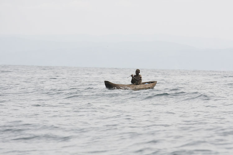 Nachdem wir unser Boot bestiegen hatten ging es also wieder Richtung Norden nach Kigoma. Nun standen uns 11 Stunden Bootsfahrt voraus. Wir fuhren zwischen einigen hundert und einigen tausend Metern vom Ufer entfernt, aber immer in Sichtweite. Ich war erstaunt wie weit raus sich die einheimischen Fischer mit Ihren winzigen Einbäumen auf den See wagten. Immerhin hatte das Gewässer teilweise Wellengang wir man es von der Nordsee her kennt. Nachdem auch der letzte Kanister Benzin vom Bug quer durchs Boot nach hinten gereicht wurde und die Sonne sich schon merklich dem Horizont näherte, erreichten wir den Strand unsere Unterkunft. Mit einem großen Grinsen auf dem Gesicht nahm unsere Bootsführer seine letzten 500$ in Empfang und verabschiedete sich.
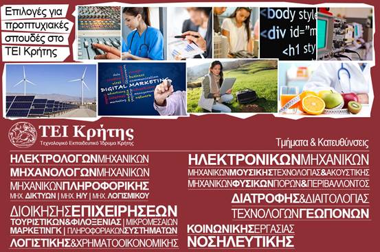 Έχουμε γράψει και άλλες φορές ότι έχουν μετατρέψει την εκπαίδευση σε εμπόρευμα και τα ΑΕΙ-ΤΕΙ σε «καταστήματα» που αναζητούν «πελάτες». Έτσι δεν μας προξένησε εντύπωση η διαφήμιση-Δελτίο Τύπου που λάβαμε από το ΤΕΙ Κρήτης, που προφανώς «ψάχνει» για σπουδαστές!
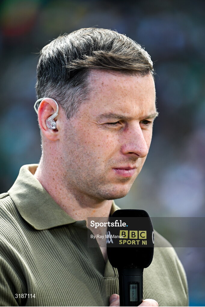 13 July 2025; Former Dublin player Philly McMahon, working with the BBC, before the GAA Football All-Ireland Senior Championship semi-final match between Meath and Donegal at Croke Park in Dublin. Photo by Ray McManus/Sportsfile
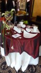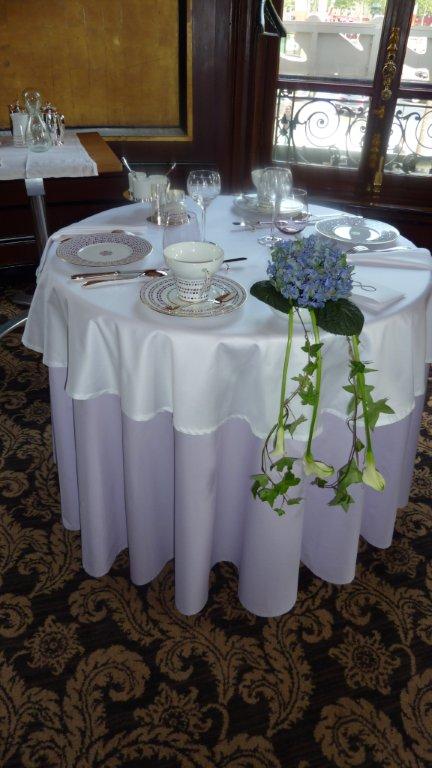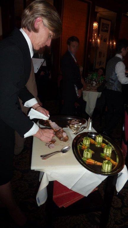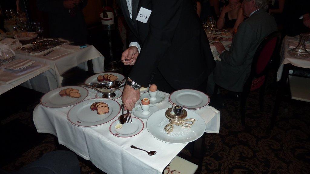 A partir d’une carte étoffée, les convives ont choisi l’œuf coque au caviar ou le lobe de foie gras au chutney de figues, qu’il fallait découper sur un bloc de glace de présentation. La simplicité apparente du service de ces deux mets demandait en réalité une prestation de service attentionnée : découper l’œuf et servir le caviar à l’anglaise, découper le foie gras en ayant trempé préalablement les lames de couteaux dans l’eau chaude. Le passage des mouillettes ou des toasts à l’anglaise ou à la française devait caractériser un service attentionné.
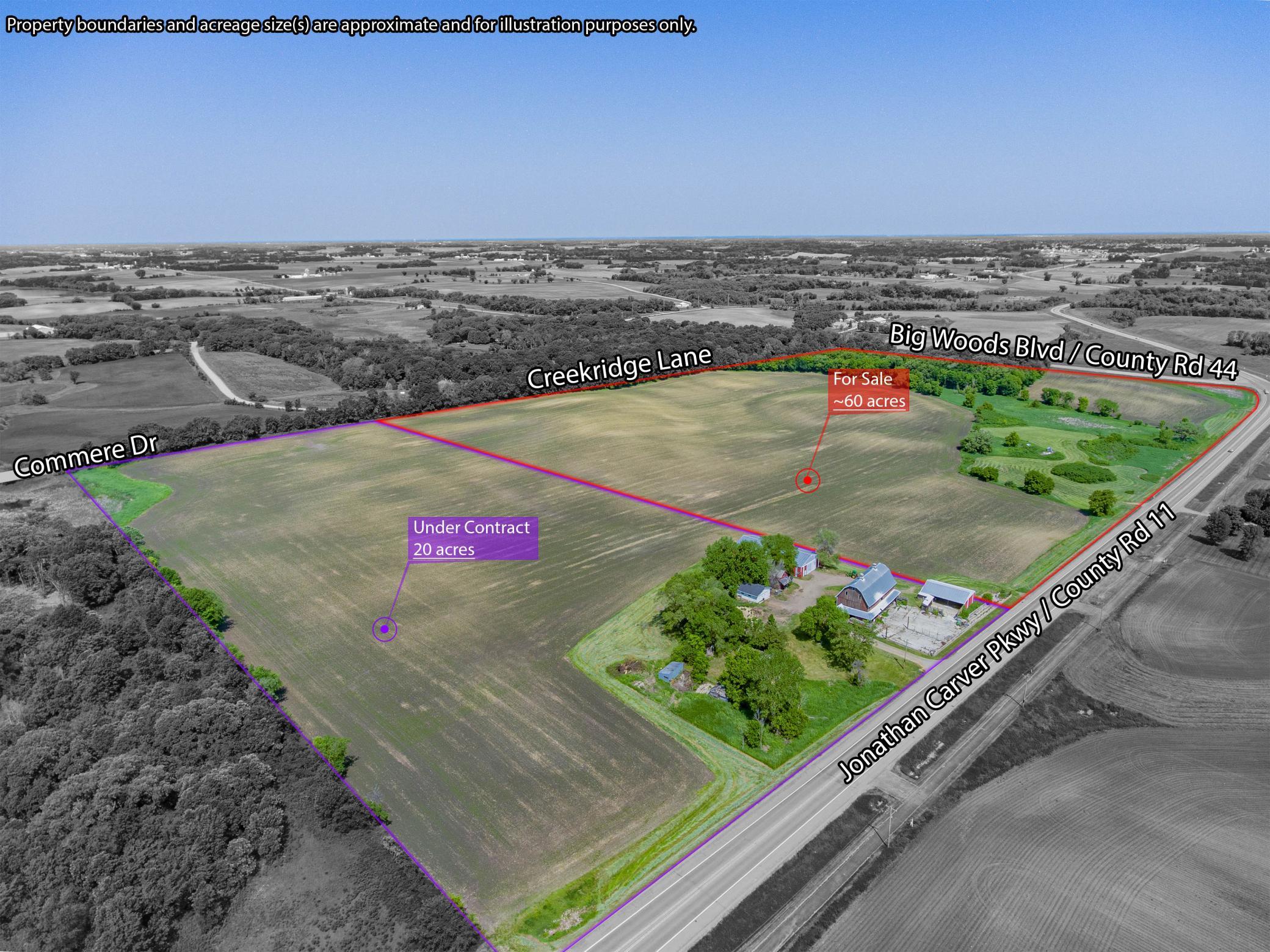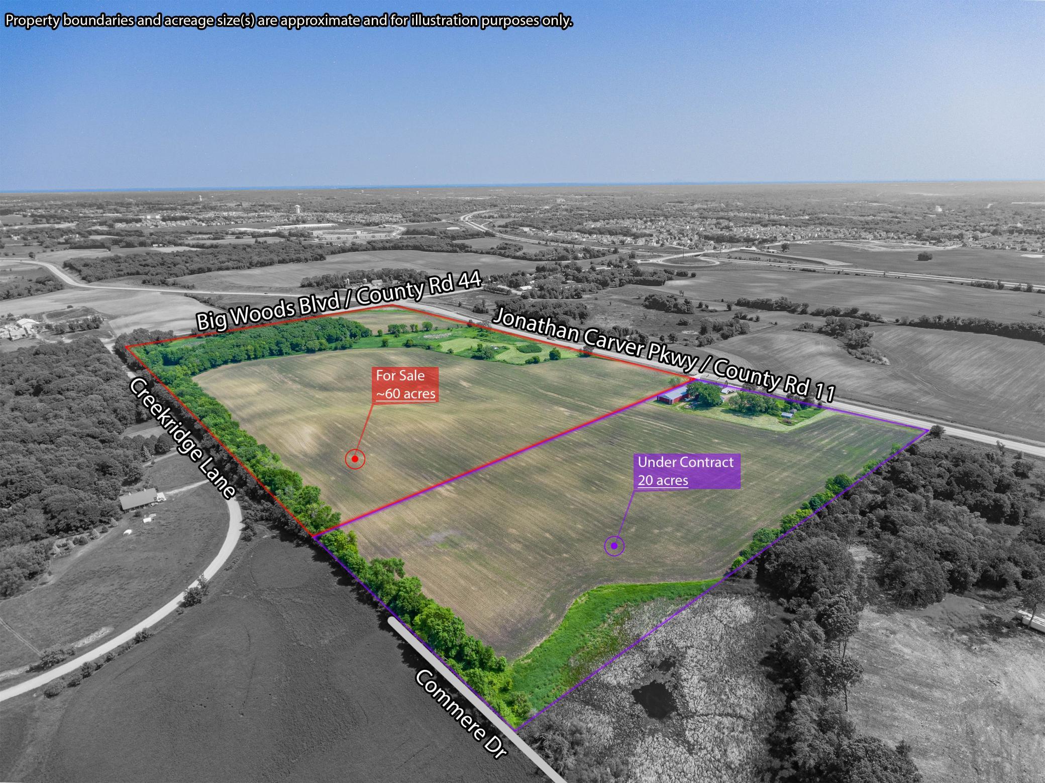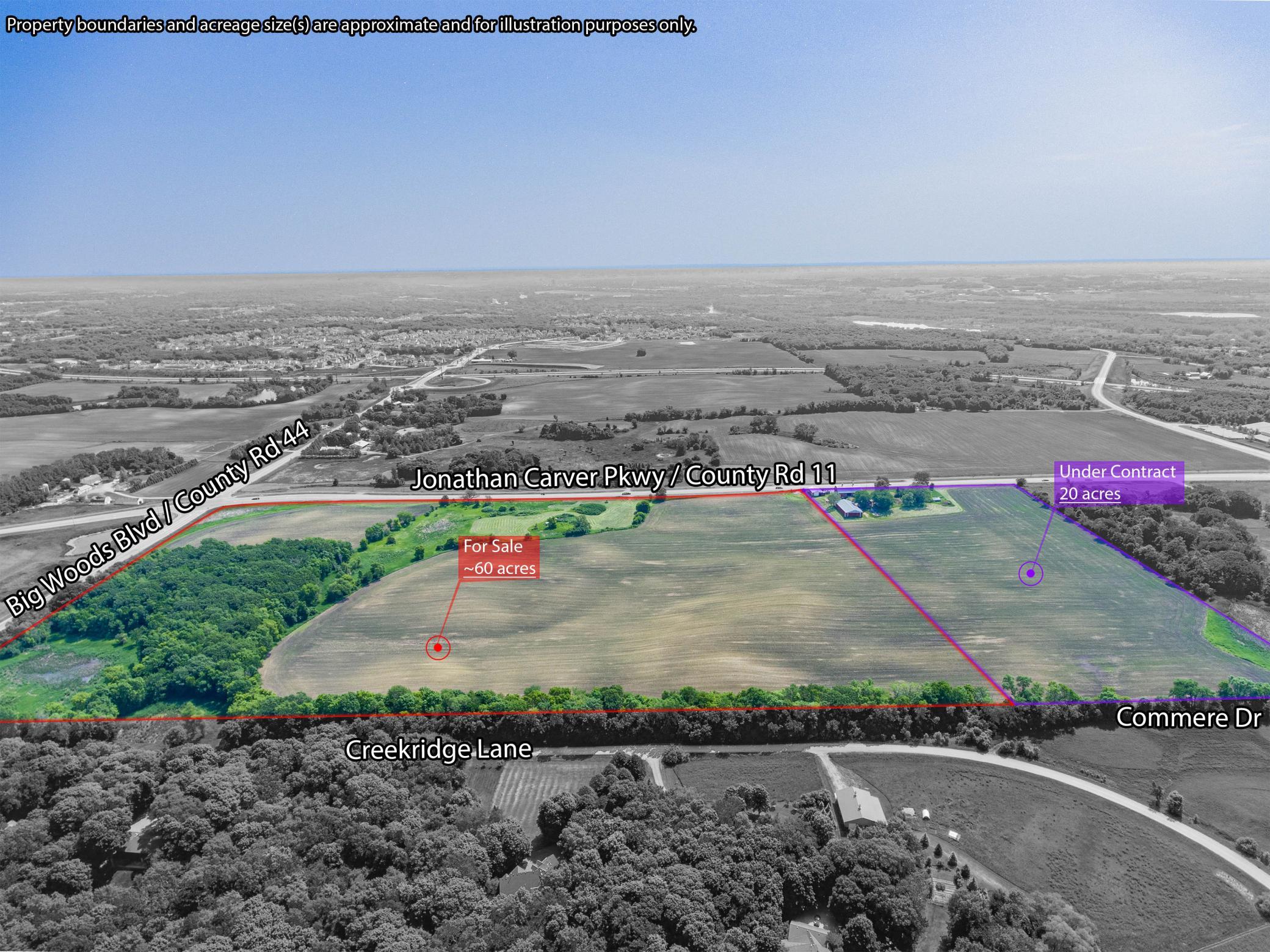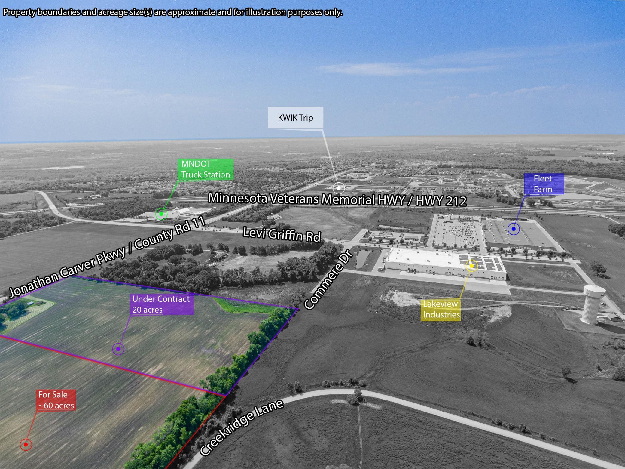 60 Acres - Further Subdivisions are Possible, Call for Details! Excellent Commercial Location! Development Opportunity with Easy Access to Highway 212 and Visibility Along Jonathan Carver Parkway/CR-11. Property is Part of City of Carver's Comprehensive Plans and is Zoned Commercial. Additional Road Access to the North Along CR-44 and Southwest with Future Expansion of Commerce Rd. Established Commercial Neighbors Include Fleet Farm and Lakeview Industries

+---+

WORK TASK: Your task is to repeat the opening line of the entries above and each line after it, ending with the line that has "Έχουμε γράψει και". Do not include the pictures.

RESULT FOR THIS TASK:
 Nachdem wir unser Boot bestiegen hatten ging es also wieder Richtung Norden nach Kigoma. Nun standen uns 11 Stunden Bootsfahrt voraus. Wir fuhren zwischen einigen hundert und einigen tausend Metern vom Ufer entfernt, aber immer in Sichtweite. Ich war erstaunt wie weit raus sich die einheimischen Fischer mit Ihren winzigen Einbäumen auf den See wagten. Immerhin hatte das Gewässer teilweise Wellengang wir man es von der Nordsee her kennt. Nachdem auch der letzte Kanister Benzin vom Bug quer durchs Boot nach hinten gereicht wurde und die Sonne sich schon merklich dem Horizont näherte, erreichten wir den Strand unsere Unterkunft. Mit einem großen Grinsen auf dem Gesicht nahm unsere Bootsführer seine letzten 500$ in Empfang und verabschiedete sich.
 Έχουμε γράψει και άλλες φορές ότι έχουν μετατρέψει την εκπαίδευση σε εμπόρευμα και τα ΑΕΙ-ΤΕΙ σε «καταστήματα» που αναζητούν «πελάτες». Έτσι δεν μας προξένησε εντύπωση η διαφήμιση-Δελτίο Τύπου που λάβαμε από το ΤΕΙ Κρήτης, που προφανώς «ψάχνει» για σπουδαστές!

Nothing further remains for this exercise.